[What is expected] Repeat exactly, and only, the lines of the entries below from the one with "今年是中国共产党成立100周" through the one with "Zdjęcia Dwa auta", both ends included.

[Records supplied]
★ ★ ★

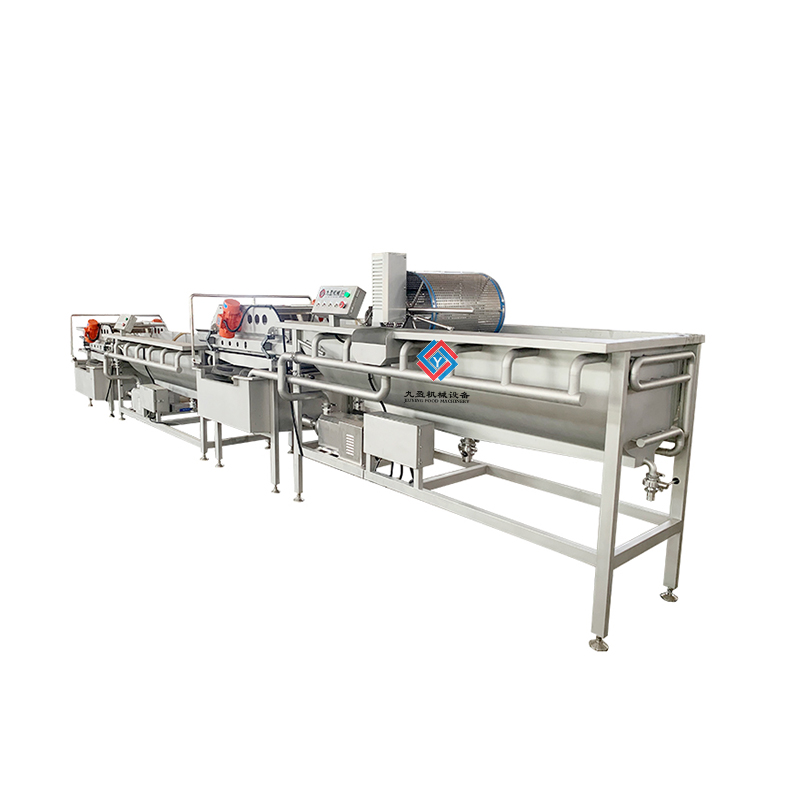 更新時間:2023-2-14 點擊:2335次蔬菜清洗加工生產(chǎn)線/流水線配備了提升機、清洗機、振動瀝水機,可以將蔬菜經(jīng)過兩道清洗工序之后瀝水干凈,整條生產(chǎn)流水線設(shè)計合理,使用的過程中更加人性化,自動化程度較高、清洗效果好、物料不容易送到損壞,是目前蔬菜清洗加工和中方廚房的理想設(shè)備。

★ ★ ★

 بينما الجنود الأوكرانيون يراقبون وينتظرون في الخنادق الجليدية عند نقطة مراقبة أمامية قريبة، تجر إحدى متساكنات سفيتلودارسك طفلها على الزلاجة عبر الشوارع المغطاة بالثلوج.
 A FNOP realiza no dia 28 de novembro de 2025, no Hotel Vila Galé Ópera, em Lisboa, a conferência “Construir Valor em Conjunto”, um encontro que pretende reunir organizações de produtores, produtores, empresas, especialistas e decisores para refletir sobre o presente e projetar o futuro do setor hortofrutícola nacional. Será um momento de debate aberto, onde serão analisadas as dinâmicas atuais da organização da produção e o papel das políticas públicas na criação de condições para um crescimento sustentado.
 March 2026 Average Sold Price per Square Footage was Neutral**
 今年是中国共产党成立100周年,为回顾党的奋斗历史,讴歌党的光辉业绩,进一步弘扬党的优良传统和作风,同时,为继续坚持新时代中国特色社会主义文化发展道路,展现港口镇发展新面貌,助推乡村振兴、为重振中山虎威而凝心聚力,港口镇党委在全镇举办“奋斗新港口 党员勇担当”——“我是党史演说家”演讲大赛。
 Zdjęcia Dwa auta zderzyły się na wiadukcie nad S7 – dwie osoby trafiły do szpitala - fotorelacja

★ ★ ★

[Solved exercise]
 今年是中国共产党成立100周年,为回顾党的奋斗历史,讴歌党的光辉业绩,进一步弘扬党的优良传统和作风,同时,为继续坚持新时代中国特色社会主义文化发展道路,展现港口镇发展新面貌,助推乡村振兴、为重振中山虎威而凝心聚力,港口镇党委在全镇举办“奋斗新港口 党员勇担当”——“我是党史演说家”演讲大赛。
 Zdjęcia Dwa auta zderzyły się na wiadukcie nad S7 – dwie osoby trafiły do szpitala - fotorelacja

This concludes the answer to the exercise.